Activity
For this exercise, reproduce only the lines from the one holding "Wendals Gluten-Free Shortbread" through the final line of the data below, exactly, and omit pictures.

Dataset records

=== Begin Enclosure ===

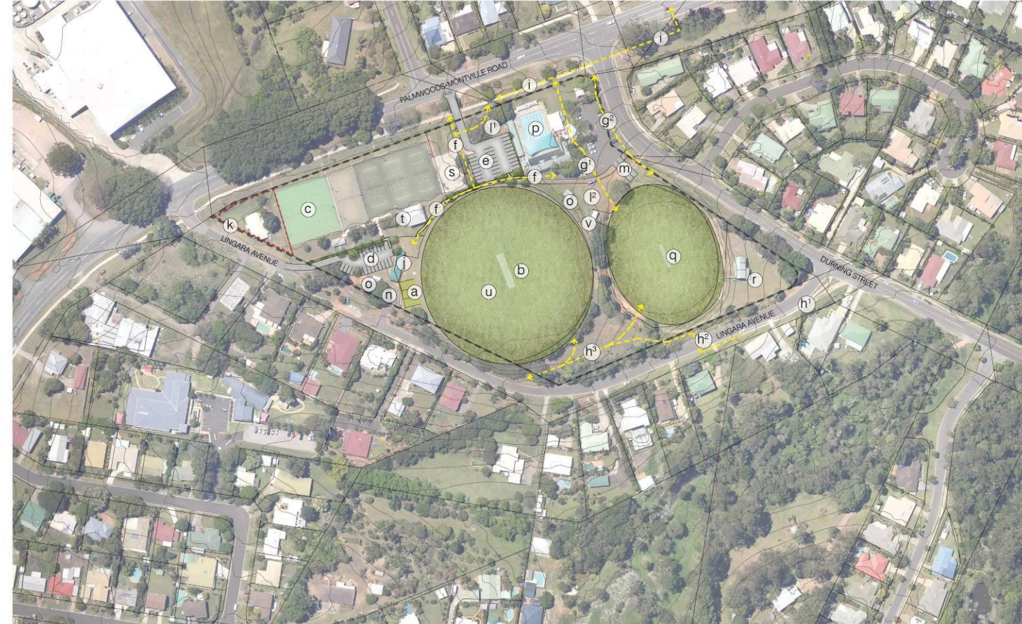
Figure 3- Palmwoods Sport and Recreation Reserve Master Plan
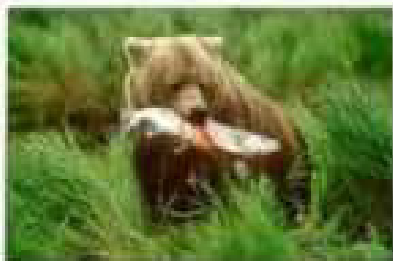
Bear eating fish
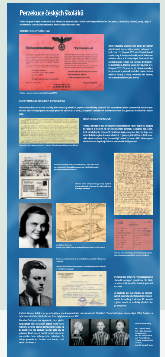
One of the roll-ups for the exhibition – "Persecution of Czech schoolchildren"

These ten panels contain basic information covering the issues of schooling and schools in the Czech lands in the given period.
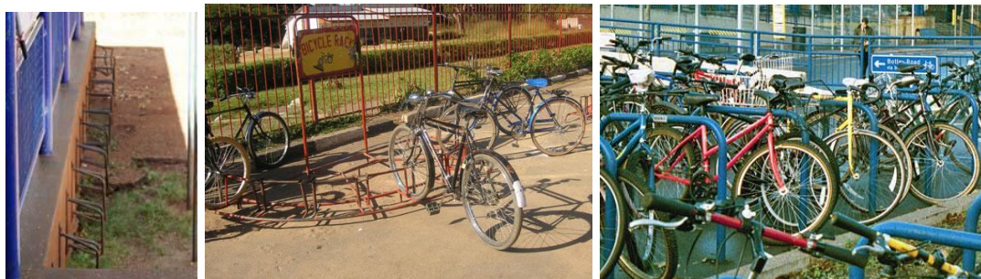
Bicycle racks. Bicycle stands offer better parking and security than front wheel racks Left: front wheel racks in Tororo. Centre: front wheel racks in Zambia. Right Sheffield stands in UK

There is very little provision for the safe parking of bicycles in Uganda. A small number of public buildings (such as the Post Office in Tororo) have been constructed with bicycle parking facilities. Similarly, some private sector buildings, such as BAT in Kampala and Bank of Baroda in Jinja have bicycle racks. Experience from other countries suggests that more people will use bicycles for journeys if they know there is safe bicycle parking at their destination. In some countries, including Burkina Faso, there are designated and supervised bicycle parking areas near markets and public buildings, with small, affordable fees collected by the attendant.
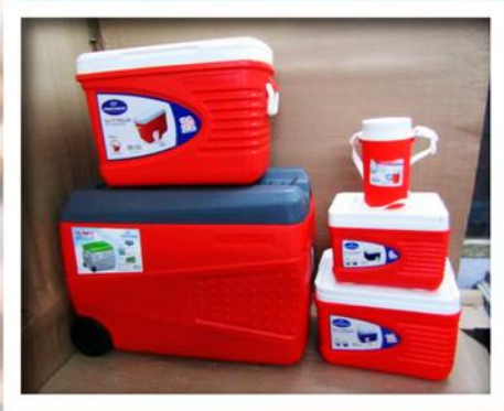
Husky Wheeled Cooler Set of 5 pcs 80L (with wheels) + 30L + 14L + 6L + 1.25L
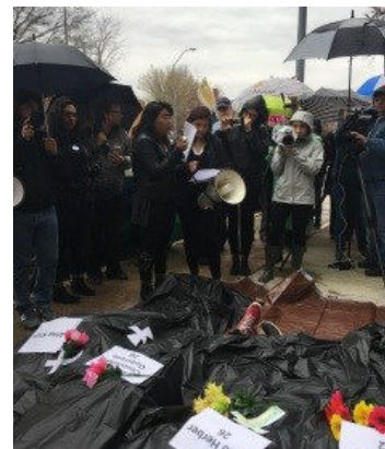
Photo: "Die In" in light rain at Thom Tillis' office in Raleigh. Photo Credit: Gailya Paliga
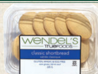
Wendals Gluten-Free Shortbread or Ginger Babies
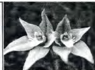
C flava subsp flava

Registered by Australia Post Publication No WBH 1240
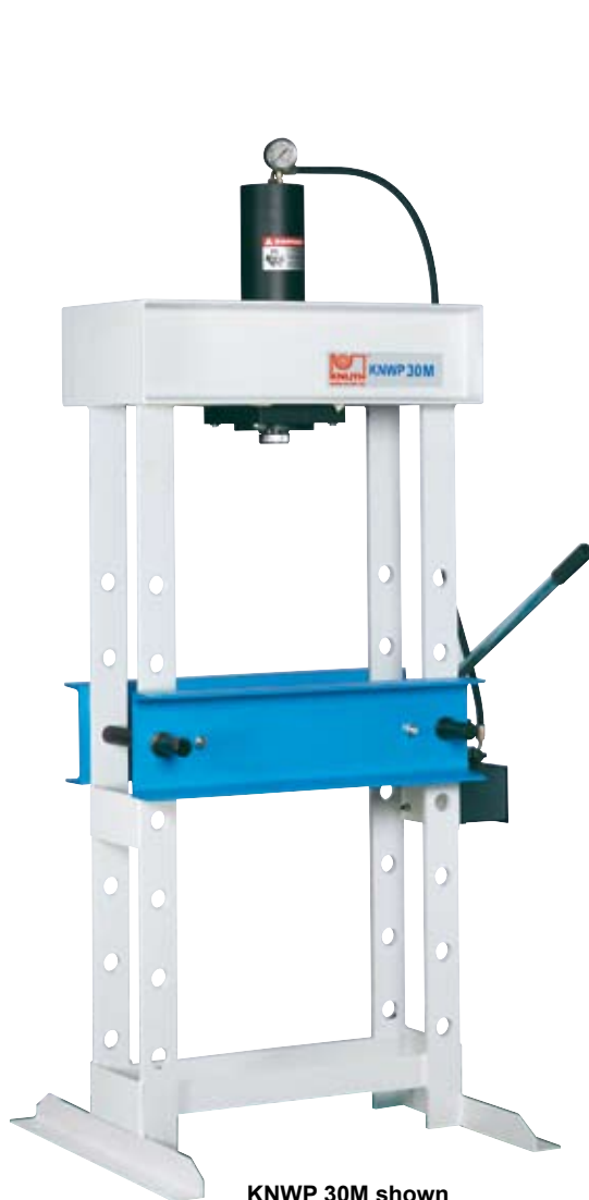
KNWP 30M shown

=== End Enclosure ===

Task result
Wendals Gluten-Free Shortbread or Ginger Babies
C flava subsp flava

Registered by Australia Post Publication No WBH 1240
KNWP 30M shown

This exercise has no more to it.